Exercise aim
Your job here is to restate every record exactly, pictures excluded.
*** Opening Records ***
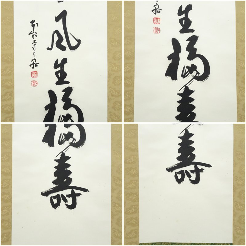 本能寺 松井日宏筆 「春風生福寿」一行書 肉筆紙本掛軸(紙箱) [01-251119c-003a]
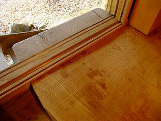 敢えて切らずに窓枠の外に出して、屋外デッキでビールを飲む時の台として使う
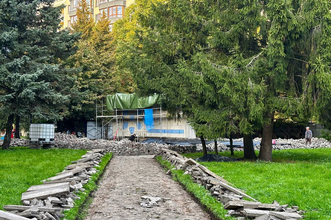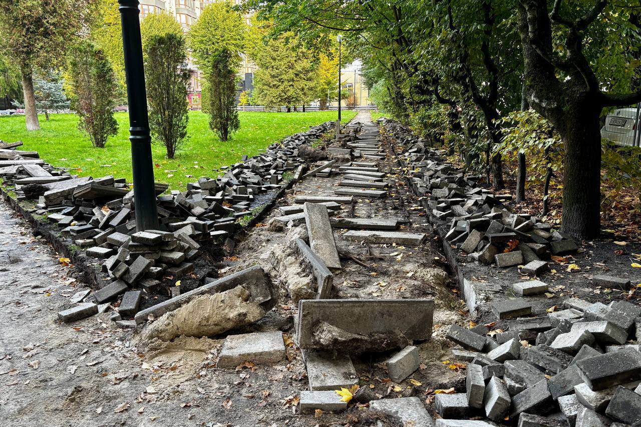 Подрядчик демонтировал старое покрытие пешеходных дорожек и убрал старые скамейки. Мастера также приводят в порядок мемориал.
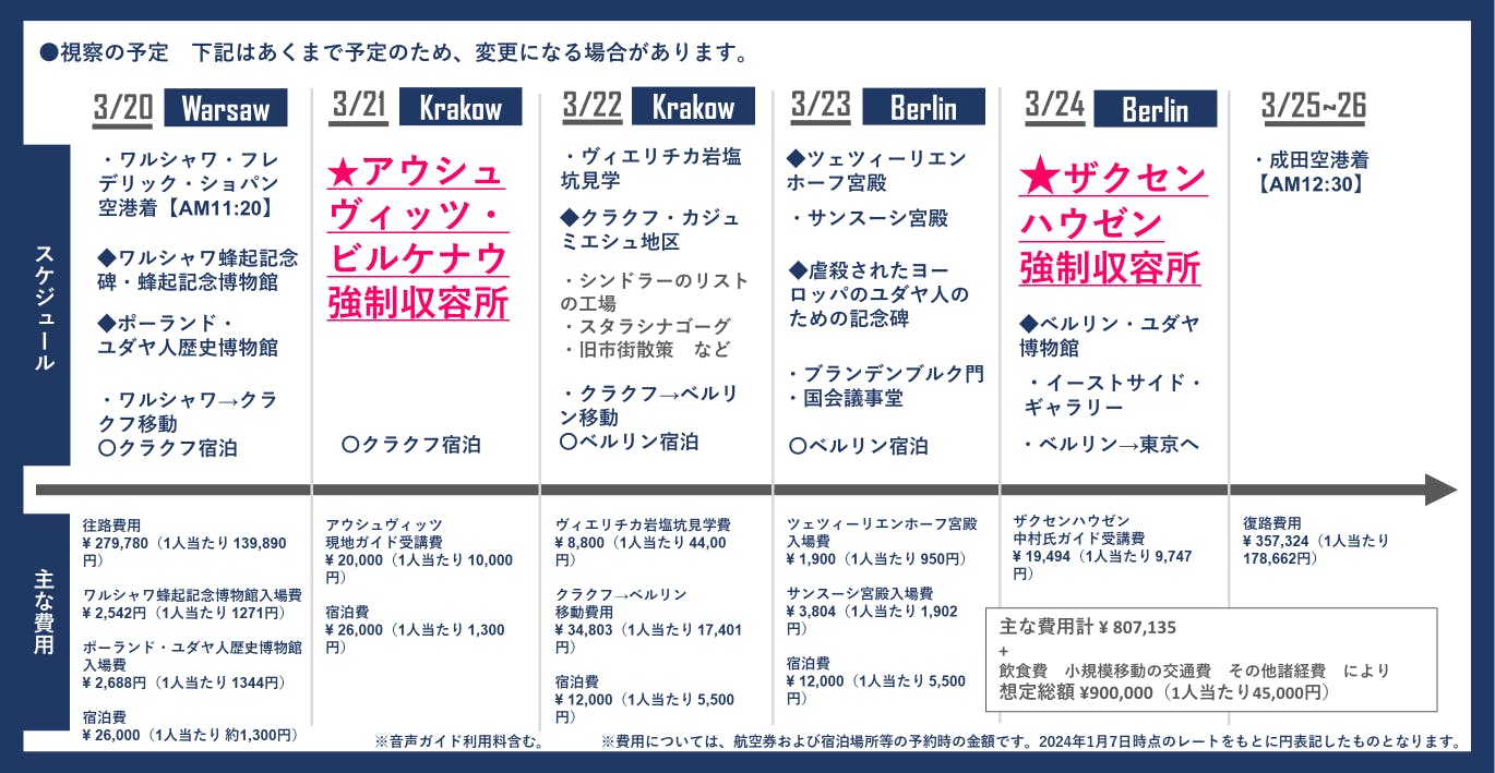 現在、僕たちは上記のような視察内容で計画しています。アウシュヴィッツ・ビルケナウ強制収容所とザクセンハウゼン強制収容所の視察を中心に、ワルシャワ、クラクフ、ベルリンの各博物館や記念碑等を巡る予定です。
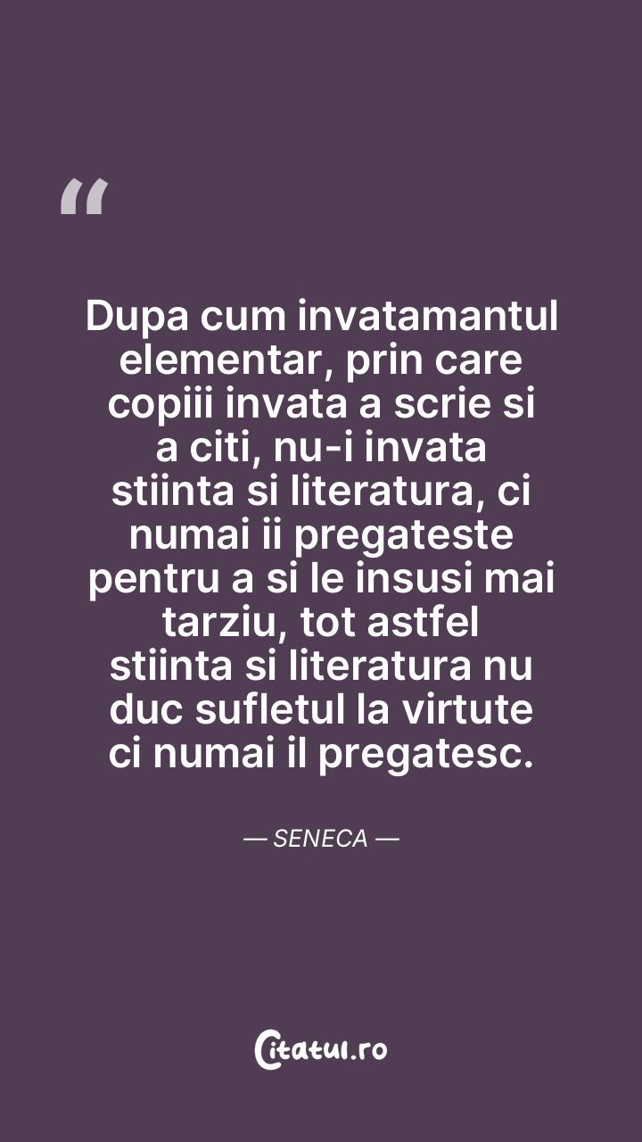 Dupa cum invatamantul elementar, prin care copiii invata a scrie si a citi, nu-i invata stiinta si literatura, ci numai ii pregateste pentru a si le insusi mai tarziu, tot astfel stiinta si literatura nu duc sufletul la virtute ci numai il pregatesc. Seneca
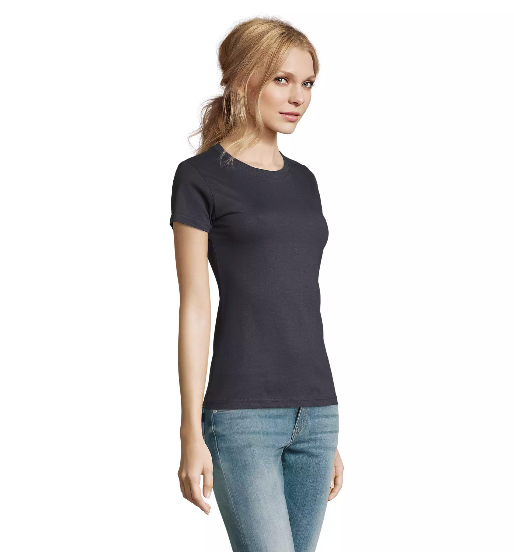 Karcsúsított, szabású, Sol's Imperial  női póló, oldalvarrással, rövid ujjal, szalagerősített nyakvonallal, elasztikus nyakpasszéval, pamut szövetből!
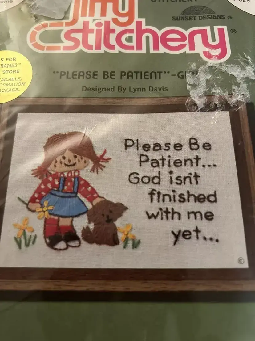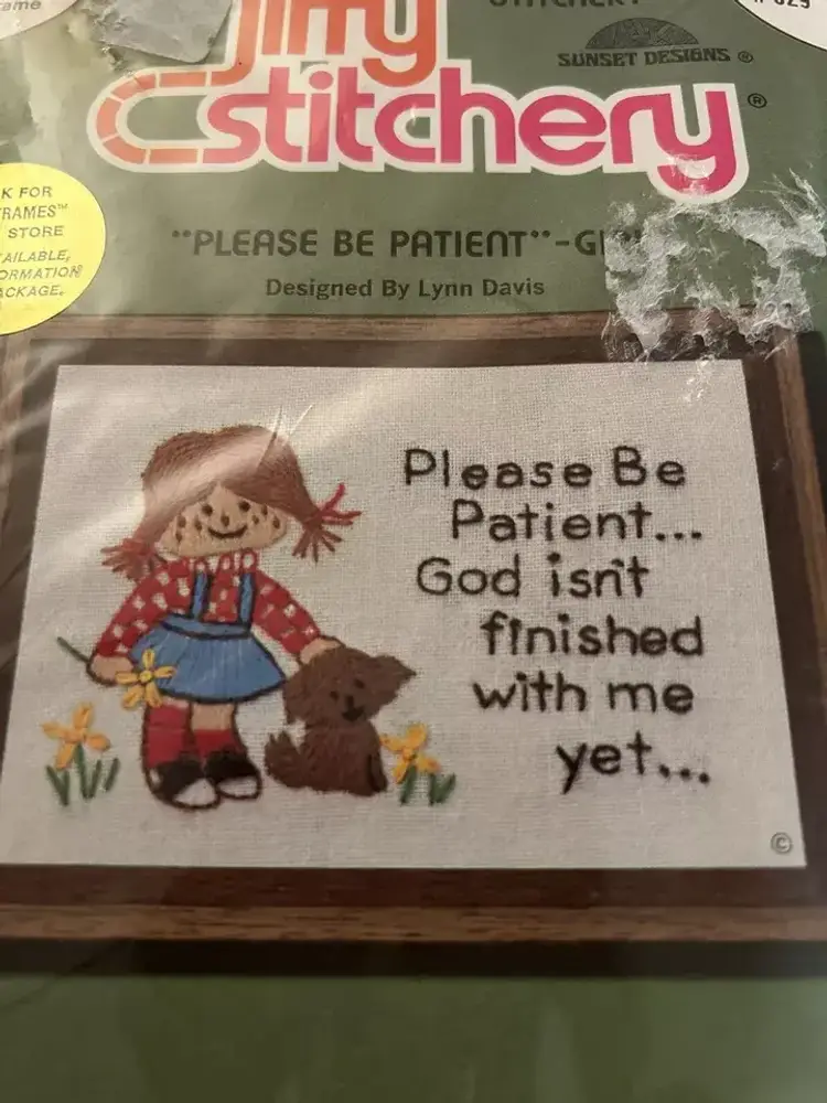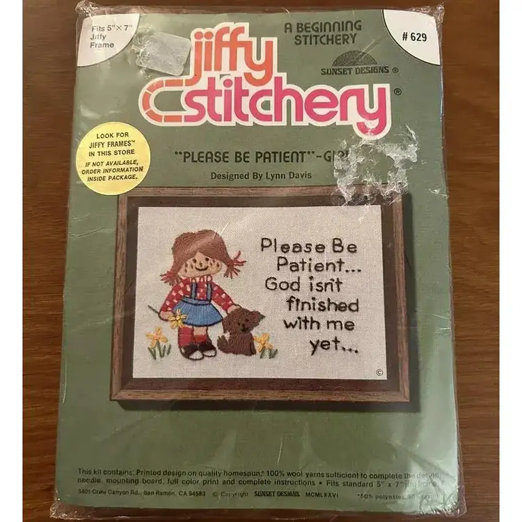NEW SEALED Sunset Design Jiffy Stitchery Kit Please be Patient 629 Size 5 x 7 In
*** Closing Records ***
Exercise answer
 本能寺 松井日宏筆 「春風生福寿」一行書 肉筆紙本掛軸(紙箱) [01-251119c-003a]
 敢えて切らずに窓枠の外に出して、屋外デッキでビールを飲む時の台として使う
 Подрядчик демонтировал старое покрытие пешеходных дорожек и убрал старые скамейки. Мастера также приводят в порядок мемориал.
 現在、僕たちは上記のような視察内容で計画しています。アウシュヴィッツ・ビルケナウ強制収容所とザクセンハウゼン強制収容所の視察を中心に、ワルシャワ、クラクフ、ベルリンの各博物館や記念碑等を巡る予定です。
 Dupa cum invatamantul elementar, prin care copiii invata a scrie si a citi, nu-i invata stiinta si literatura, ci numai ii pregateste pentru a si le insusi mai tarziu, tot astfel stiinta si literatura nu duc sufletul la virtute ci numai il pregatesc. Seneca
 Karcsúsított, szabású, Sol's Imperial  női póló, oldalvarrással, rövid ujjal, szalagerősített nyakvonallal, elasztikus nyakpasszéval, pamut szövetből!
NEW SEALED Sunset Design Jiffy Stitchery Kit Please be Patient 629 Size 5 x 7 In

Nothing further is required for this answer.